I was thinking of using decision trees, or maybe Support Vector Machines (SVMs) to allow for more features (from my understanding of them). This post suggests random forests instead of SVMs. Any thoughts?
Pragmatical approaches are welcome! (Theoretical ones, too, but those might be saved for later fun.)
Some context
We are trying to classify a corpus of many thousands of websites in 3 to 5 languages (maybe up to 10, but we're not sure).
We have training data in the form of hundreds of websites already classified. However, we may choose to use that data set or not -- if other categories make more sense, we're open to not using the training data that we have, since it is not something we gathered in the first place. We are on the final stages of scraping data/text from websites.
Now we must decide on the issues above. I have done some work with the Brown Corpus and the Brill tagger, but this will not work because of the multiple-languages issue.
We intend to use the Orange machine learning package.
According to the context you have provided, this is a supervised learning problem.

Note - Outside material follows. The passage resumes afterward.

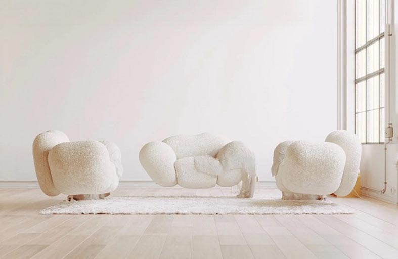 تم تصميم هذه الأريكة لتبدو وكأنها سحابة عائمة تسبح في الهواء مع قاعدة من جانب واحد في حين لا تستند على أي شيء من الطرف الآخر.

Therefore, you are doing classification, not clustering. If I misunderstood, please update your question to say so.
I would start with the simplest features, namely tokenize the unicode text of the pages, and use a dictionary to translate every new token to a number, and simply consider the existence of a token as a feature.

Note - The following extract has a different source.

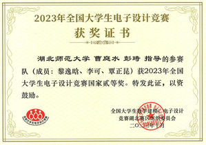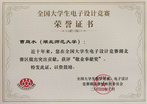 我校物理与电子科学学院曹庭水、彭琦老师指导作品“信号分离装置”获全国二等奖、“信号调制方式识别与参数估计装置”获湖北省三等奖;李艳生、王永贺老师指导作品“运动目标控制与自动追踪系统”获湖北省三等奖。曹庭水获“敬业奉献奖”。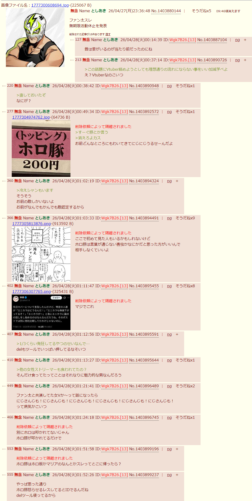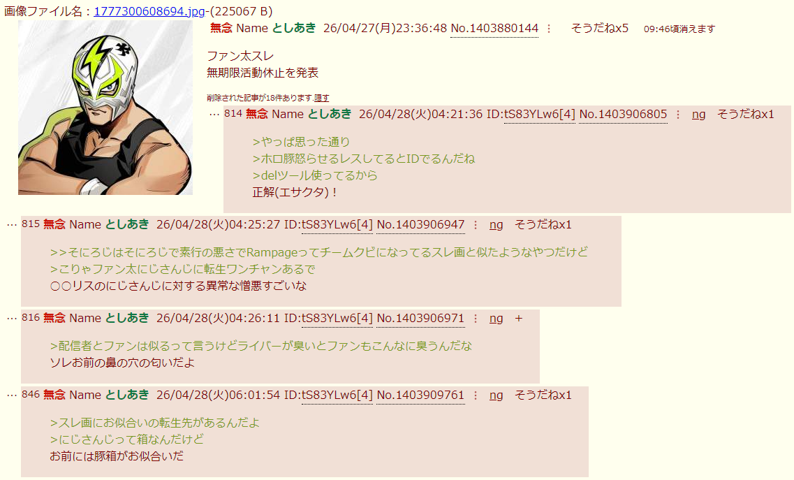 | … | 238無念Nameとしあき26/04/29(水)20:27:26No.1404283874そうだねx1 1777462046224.png-(200027 B) >>ファン太のスレ酷かったね |

Next, I would use the simplest algorithm I can - I tend to go with Naive Bayes, but if you have an easy way to run SVM this is also nice.

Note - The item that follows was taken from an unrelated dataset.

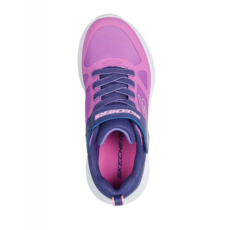 Sapatilha Skechers Dyna lite Tracing Tracks ref. 303854N/PRBL em rosa para criança. Parte superior em malha leve. Atacador em elástico para maior facilidade ao calçar e descalçar. Logótipo lateral. Fecho em velcro para ajuste preciso com logótipo Skechers. Palmilha acolchoada confortável.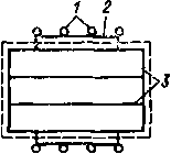 Система состоит из труб 1, забитых в землю, стальной полосы 2, соединяющей трубы между собой и с контуром заземления 3. Стальные полосы контура заземления прокладываются по стенам зданий или в кабельных каналах, они должны иметь сечение не менее 48 мм2, а все соединения обязательно должны быть сварными. К заземляющему (зануляющему) контуру 3 с помощью стальных полосок сечением не менее 24 мм2 присоединяются корпуса и станины, подлежащие заземлению.

Compare your results with some baseline - say assigning the most frequent class to all the pages.
Is the simplest approach good enough? If not, start iterating over algorithms and features.
If you go the supervised route, then the fact that the web pages are in multiple languages shouldn't make a difference. If you go with, say lexical features (bag-o'-words style) then each language will end up yielding disjoint sets of features, but that's okay. All of the standard algorithms will likely give comparable results, so just pick one and go with it. I agree with Yuval that Naive Bayes is a good place to start, and only if that doesn't meet your needs that try something like SVMs or random forests.
If you go the unsupervised route, though, the fact that the texts aren't all in the same language might be a big problem. Any reasonable clustering algorithm will first group the texts by language, and then within each language cluster by something like topic (if you're using content words as features). Whether that's a bug or a feature will depend entirely on why you want to classify these texts. If the point is to group documents by topic, irrespective of language, then it's no good. But if you're okay with having different categories for each language, then yeah, you've just got as many separate classification problems as you have languages.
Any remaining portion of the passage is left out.